Thanks!  This is so spot on!  Especially about how she will argue until she has convinced me that my feelings are invalid.  I just had to play "Mommy" again with my mom.  Always having to soothe her hurt feelings.  My conversation with her over the last 10 months has been: "There were things you did when I was a child that were hurtful, now as an adult there are totally different things you've done to hurt me.  I have not brought it up because I am too afraid of hurting you, but I realize that was wrong and take full responsibility for dishonesty and the hurt that has caused."  What I get in return is:  "How could you lie to me all these years!  I guess I was a horrible parent!  You didn't talk about anything I did right?  I don't think I was THAT controlling of how you did things. I am so hurt and distrustful of you now!  If I was so bad, then how come none of my group of friends ever mentioned it to me?  I have 20+ friends who agree with how horrible you've treated us!  You are blackmailing us!"  Pages and pages of response... .the most recent letter was 12 pages (11pt. font single spaced), it was rebuttle of my last 3 letters, so maybe 2-3 pages were my writing that she had written in between the lines of in a different color.  Have Mercy!

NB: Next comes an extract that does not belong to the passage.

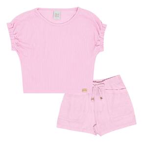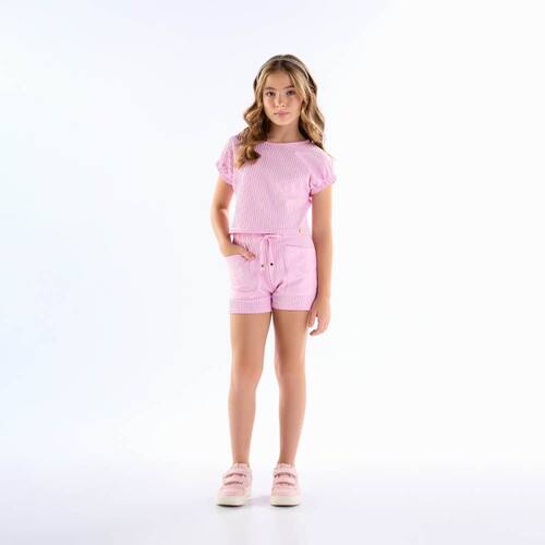 Básico e versátil para usar o conjunto ou criar novas composições para o dia a dia! Conjunto composto por blusa e short na cor chiclete em malha corrente. Short possuí bolsos frontais funcionais, elastano na cintura para maior conforto e amarração em laço com ponteiras de metal.

She completely ignores my hurts, just turns the whole thing around to how me vocalizing my feelings has hurt her.  I am in an email cycle that will go on forever... .until she feels like I have grovelled enough over hurting her feelings.  So this week I told her I will not respond to anything else on the topic.  (I realize I will never get the full apology or comprehension from her I desire deep down, so I need to move on).  I also set boundaries that we won't discuss this anymore, and we will meet on neutral ground - not each other's homes - until there is some level of comfort reestablished - which may not happen.  I suspect she will freak out over this, but someone has to be the grown up here, so I guess it will be me.